Literature DB >> 21708875

Relationship between central and peripheral atherosclerosis and left ventricular dysfunction in a community population.

Connie W Tsao1, Philimon Gona, Carol Salton, Joanne M Murabito, Noriko Oyama, Peter G Danias, Christopher J O'Donnell, Warren J Manning, Susan B Yeon.   

Abstract

We aimed to determine the relationships between resting left ventricular (LV) wall motion abnormalities (WMAs), aortic plaque, and peripheral artery disease (PAD) in a community cohort. A total of 1726 Framingham Heart Study Offspring Cohort participants (806 males, 65 ± 9 years) underwent cardiovascular magnetic resonance with quantification of aortic plaque volume and assessment of regional left ventricular systolic function. Claudication, lower extremity revascularization, and ankle-brachial index (ABI) were recorded at the most contemporaneous examination visit. WMAs were associated with greater aortic plaque burden, decreased ABI, and claudication in age- and sex-adjusted analyses (all p < 0.001), which were not significant after adjustment for cardiovascular risk factors. In age- and sex-adjusted analyses, both the presence (p < 0.001) and volume of aortic plaque were associated with decreased ABI (p < 0.001). After multivariable adjustment, an ABI ≤ 0.9 or prior revascularization was associated with a threefold odds of aortic plaque (p = 0.0083). Plaque volume significantly increased with decreasing ABI in multivariable-adjusted analyses (p < 0.0001). In this free-living population, associations of WMAs with aortic plaque burden and clinical measures of PAD were attenuated after adjustment for coronary heart disease risk factors.
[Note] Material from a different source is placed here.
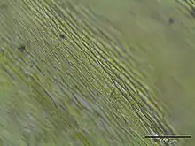 Rhynchostegium are small to large mosses that form either loose tuft or extensive mats on the substrate, with irregular or regular branching.[1][3] The younger plants are generally deep green or light green; aging plants could become whitish, brownish, or paler green.[1][3] Stems are creeping and lack hyaloderm, with acute to acuminate pseudoparaphyllia.[3] Stem leaves are erectopatent or erect.[1][3] Branch leaves are similar in morphology to stem leaves but smaller and sometimes narrower.[3] Leaves are commonly straightly to homomallously arranged; subimbricate, subcomplanate, or complanate arrangement are sometimes seen, especially in branch leaves.[1] Leaf base, decurrent or not, varies from ovate to ovate-cordate, occasionally lanceolate, and the narrowing from gradual to abrupt, towards a short- or long-acuminate apex, where sometimes a differentiated long acumen or apiculus is present.[1] The leaves have a single costa that generally smoothly ends 35-75% up the leaf, and more often in branch leaves in an abaxial spine.[1] Leaf surfaces vary from flat to slightly concave and not to strongly longitudinally plicate, with little to some pores and linear laminal cells.[1][3] Leaf margins are serrate to serrulate.[1][3] Axillary hairs constitute of 3-7 cells,[3] with 1-3 upper cells.[1] Alar cells are slightly enlarged, and either undifferentiated or quadrate to elongate-rectangular.[1][3]

Aortic plaque volume and ABI remained strongly negatively correlated after multivariable adjustment. Our findings suggest that the association between coronary heart disease and non-coronary atherosclerosis is explained by cardiovascular risk factors. Aortic atherosclerosis and PAD remain strongly associated after multivariable adjustment, suggesting shared mechanisms beyond those captured by traditional risk factors.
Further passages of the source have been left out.